Gene Bruskin, who oversees the union's efforts to organize Smithfield plants in eastern North Carolina, labeled the company's call for an election as just "another scam."
The union claimed in labor board cases that Smithfield Packing illegally threatened Wilson workers with the loss of their jobs or benefits if they unionized.
"The company was off the chart, once again, in violating the National Labor Relations Act," Bruskin said. "The company once again violated the law and got away with it."
Bruskin said the union would not participate in a new election because many original supporters had left the plant as the company's appeals dragged on. He said the union would appeal the board's decision to federal court.
"It's up to the union," Pittman said. "The ball's in the court."
The conflict mirrors the dispute between the company and the union at a massive 5,500-worker plant in nearby Tar Heel, N.C. The company was found guilty of violating labor law in a 1997 union drive, and has recently called for a new election.
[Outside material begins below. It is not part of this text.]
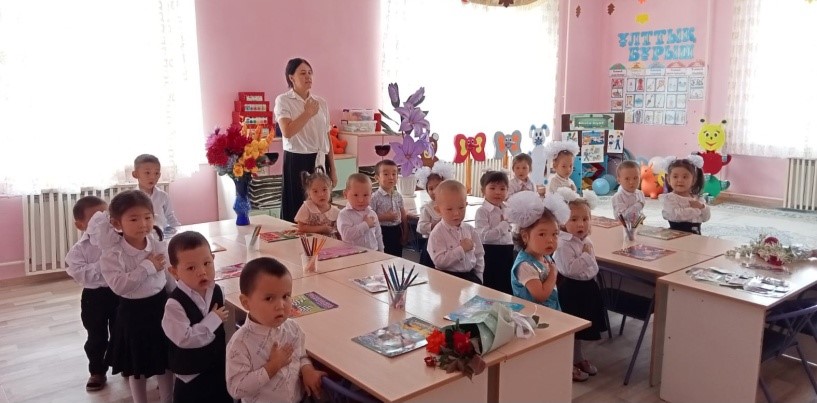 Мақсаты: Балаларға Қазақстан Республикасының Мемлекеттік рәміздері Елтаңба, Ту, Гимн туралы түсініктерін нығайту. Отансүйгіштікке, адамгершілікке, Отанына, халқына адал қызмет етуге, рәміздерді қастерлеп, құрметтеуге, тарихын білуге тәрбиелеу.

But the union has said it's not interested.
"Especially since this has been in the courts for some time, it's very difficult for an organizing campaign to maintain momentum and enthusiasm when you're in a holding pattern," said Richard Hurd, a professor of industrial and labor relations at Cornell University in Ithaca, N.Y. "The union would probably have to start from scratch" in Wilson.